WHAT YOU NEED TO DO. Starting with the first line of the data below, copy each line up to and including the one containing "4名の獣医師が参加し、宮崎ねこの会のご協力のもと実施いたしました。". Pictures stay out.

RECORDED INFORMATION.
....................

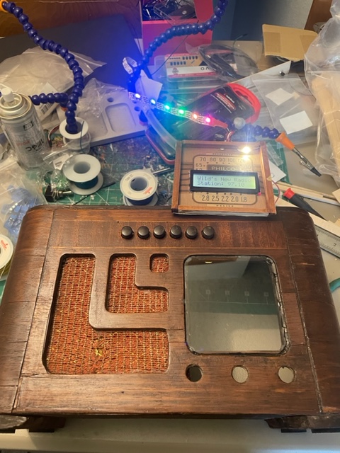 The radio with the original buttons restored to their original location. The new window is done, and the cloth is reattached. The new faceplate (actually paper) with the new LCD mounted and LED (which will be less bright when in the box) are all visible. The strip of colored lights will be behind the acrylic replacement to be a light show. The veneer replacement/repairs are visible.
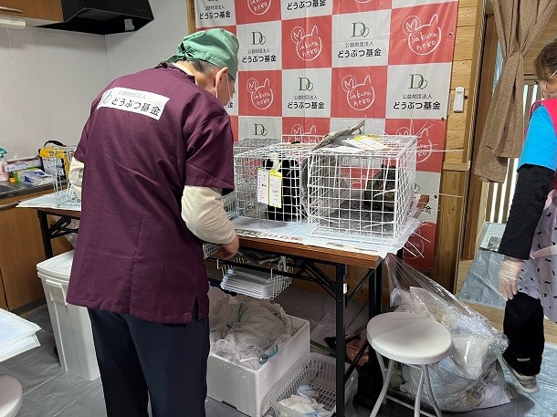 4名の獣医師が参加し、宮崎ねこの会のご協力のもと実施いたしました。
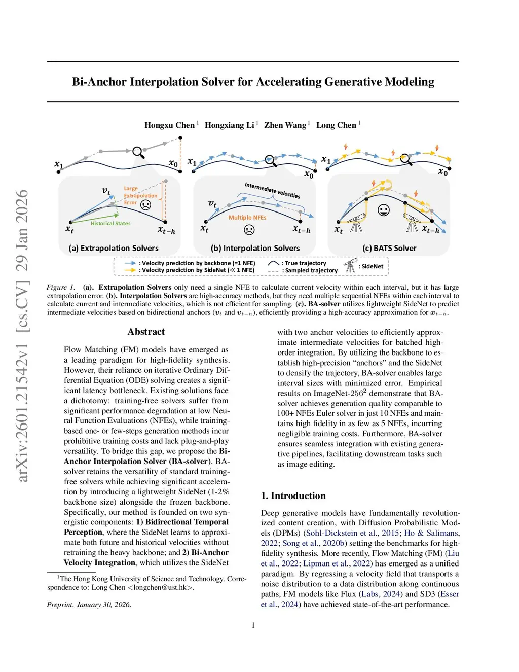 Flow Matching (FM) models have emerged as a leading paradigm for high-fidelity synthesis. However, their reliance on iterative Ordinary Differential Equation (ODE) solving creates a significant latency bottleneck. Existing solutions face a dichotomy: training-free solvers suffer from significant performance degradation at low Neural Function Evaluations (NFEs), while training-based one- or few-steps generation methods incur prohibitive training costs and lack plug-and-play versatility. To bridge this gap, we propose the Bi-Anchor Interpolation Solver (BA-solver). BA-solver retains the versatility of standard training-free solvers while achieving significant acceleration by introducing a lightweight SideNet (1-2% backbone size) alongside the frozen backbone. Specifically, our method is founded on two synergistic components: \textbf{1) Bidirectional Temporal Perception}, where the SideNet learns to approximate both future and historical velocities without retraining the heavy backbone; and 2) Bi-Anchor Velocity Integration, which utilizes the SideNet with two anchor velocities to efficiently approximate intermediate velocities for batched high-order integration. By utilizing the backbone to establish high-precision ``anchors'' and the SideNet to densify the trajectory, BA-solver enables large interval sizes with minimized error. Empirical results on ImageNet-256^2 demonstrate that BA-solver achieves generation quality comparable to 100+ NFEs Euler solver in just 10 NFEs and maintains high fidelity in as few as 5 NFEs, incurring negligible training costs. Furthermore, BA-solver ensures seamless integration with existing generative pipelines, facilitating downstream tasks such as image editing.

....................

SOLVED PROBLEM.
 The radio with the original buttons restored to their original location. The new window is done, and the cloth is reattached. The new faceplate (actually paper) with the new LCD mounted and LED (which will be less bright when in the box) are all visible. The strip of colored lights will be behind the acrylic replacement to be a light show. The veneer replacement/repairs are visible.
 4名の獣医師が参加し、宮崎ねこの会のご協力のもと実施いたしました。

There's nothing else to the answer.